DATA SECTION
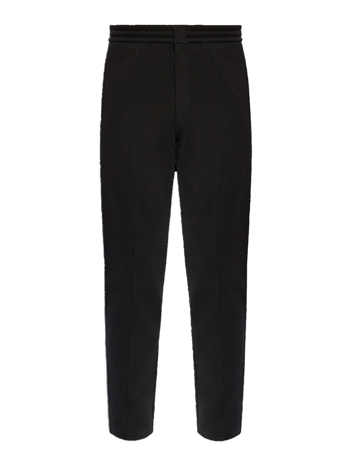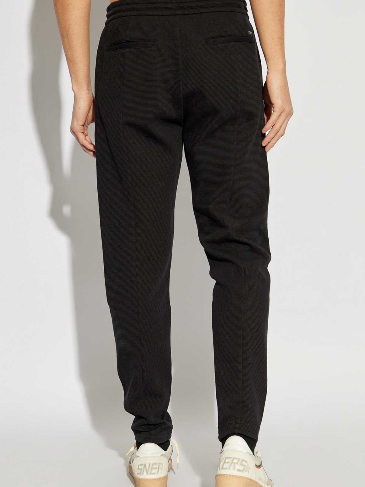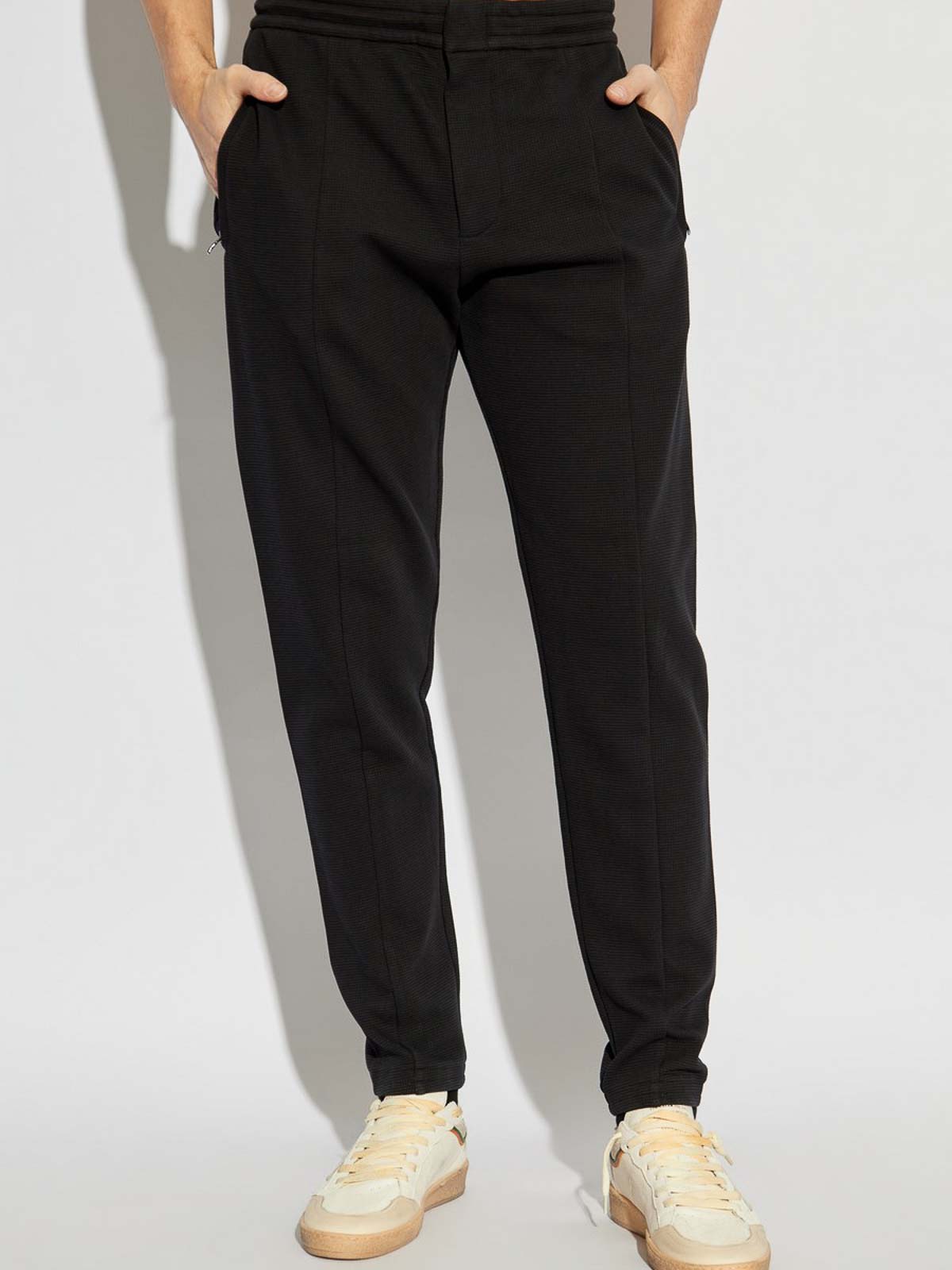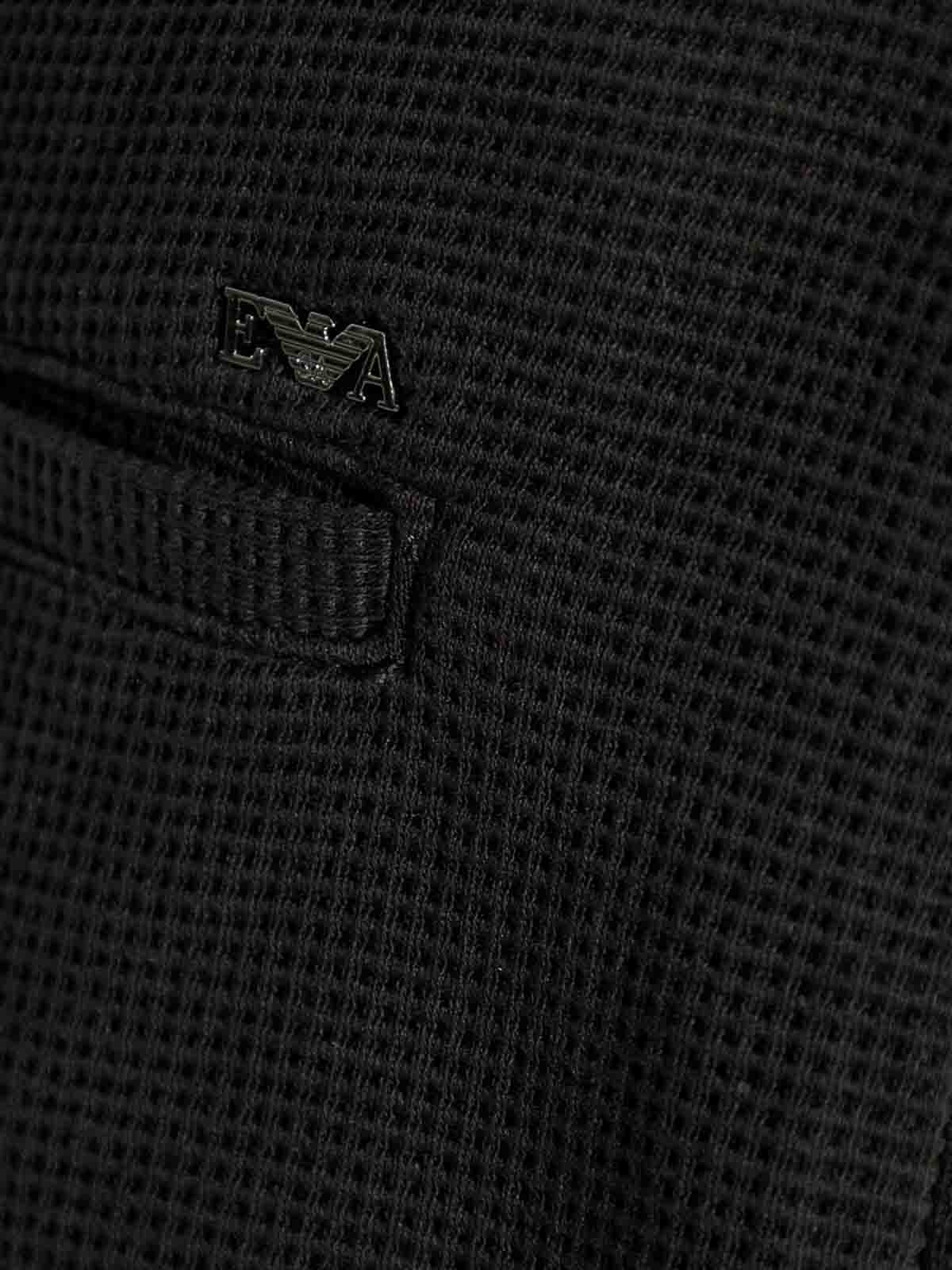Pantaloni Emporio Armani in Jersey con una trama dell'effetto di waffle con una vita coulcata interna con tasche con zip laterali e tasche a marcia posteriore con logo sopra il taschino destro.
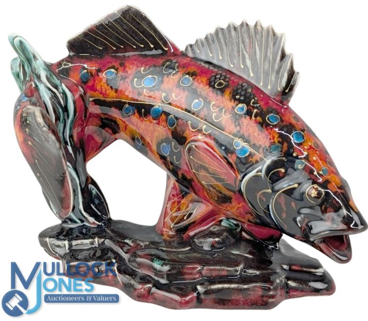 AHAP Anita Harris Art Pottery Ceramic Fish Trial Piece, multi coloured signed with backstamp. Stoke on Trent - 21cm x 29cm
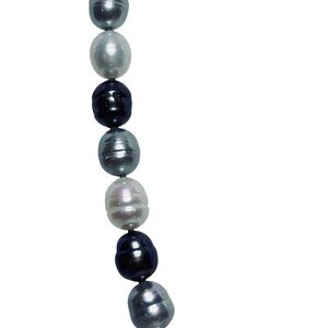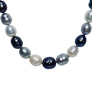 This elegant Honora necklace features a blend of white, gray, and Iridescent teal cultured baroque freshwater pearls, providing a sophisticated touch to any ensemble. The accompanying satin clutch, adorned with delicate floral embroidery, offers a stylish way to store and transport this beautiful piece. Ideal for adding a touch of luxury to your wardrobe.
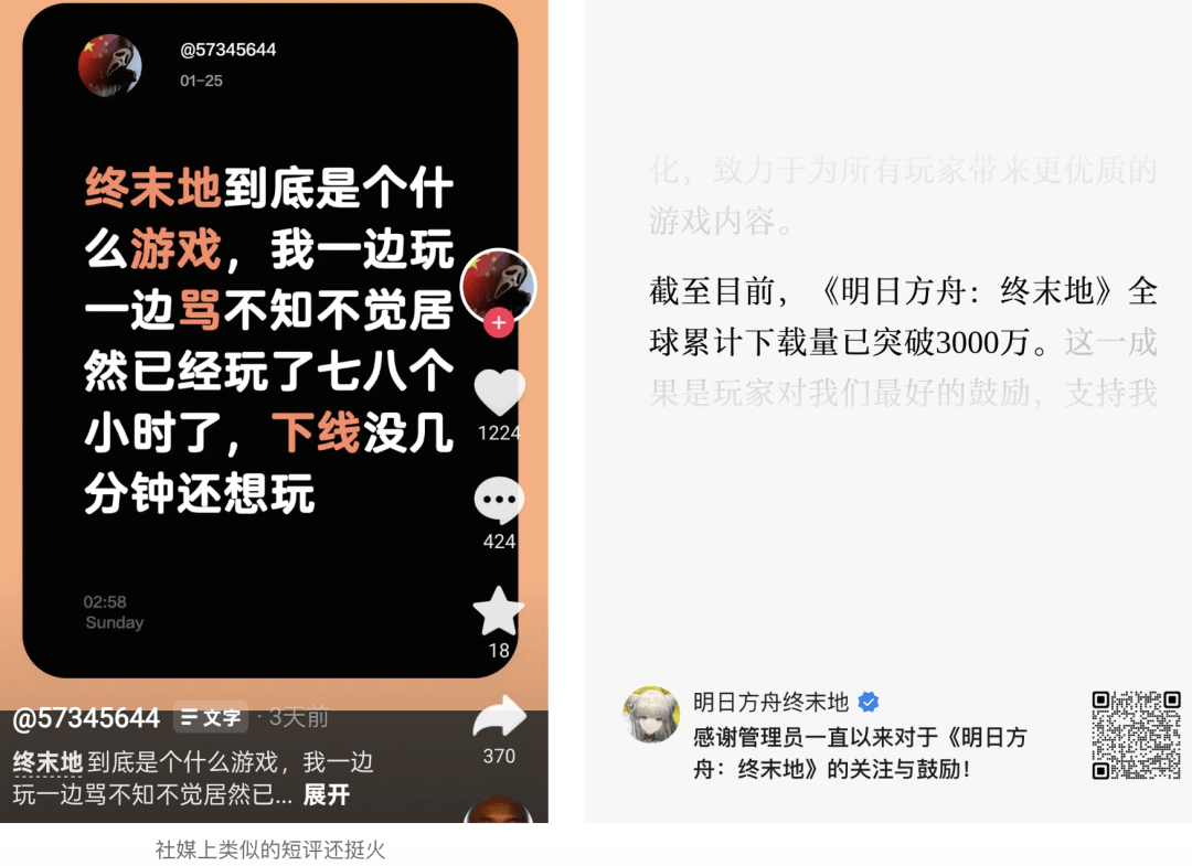 最终,上述违背市场预期和行业惯性的做法,帮助终末地快速度过了最危险的时期。甚至可以说一天半3000万的下载量(官方公布数据),叠加舆论回正得过于迅猛的反差,让游戏在口碑方面实现了天胡开局。

EXERCISE DIRECTIONS
Return the opening line of the data above and every line after it up to and including the line that holds "AHAP Anita Harris"; pictures stay out.

WRITTEN REPLY
Pantaloni Emporio Armani in Jersey con una trama dell'effetto di waffle con una vita coulcata interna con tasche con zip laterali e tasche a marcia posteriore con logo sopra il taschino destro.
 AHAP Anita Harris Art Pottery Ceramic Fish Trial Piece, multi coloured signed with backstamp. Stoke on Trent - 21cm x 29cm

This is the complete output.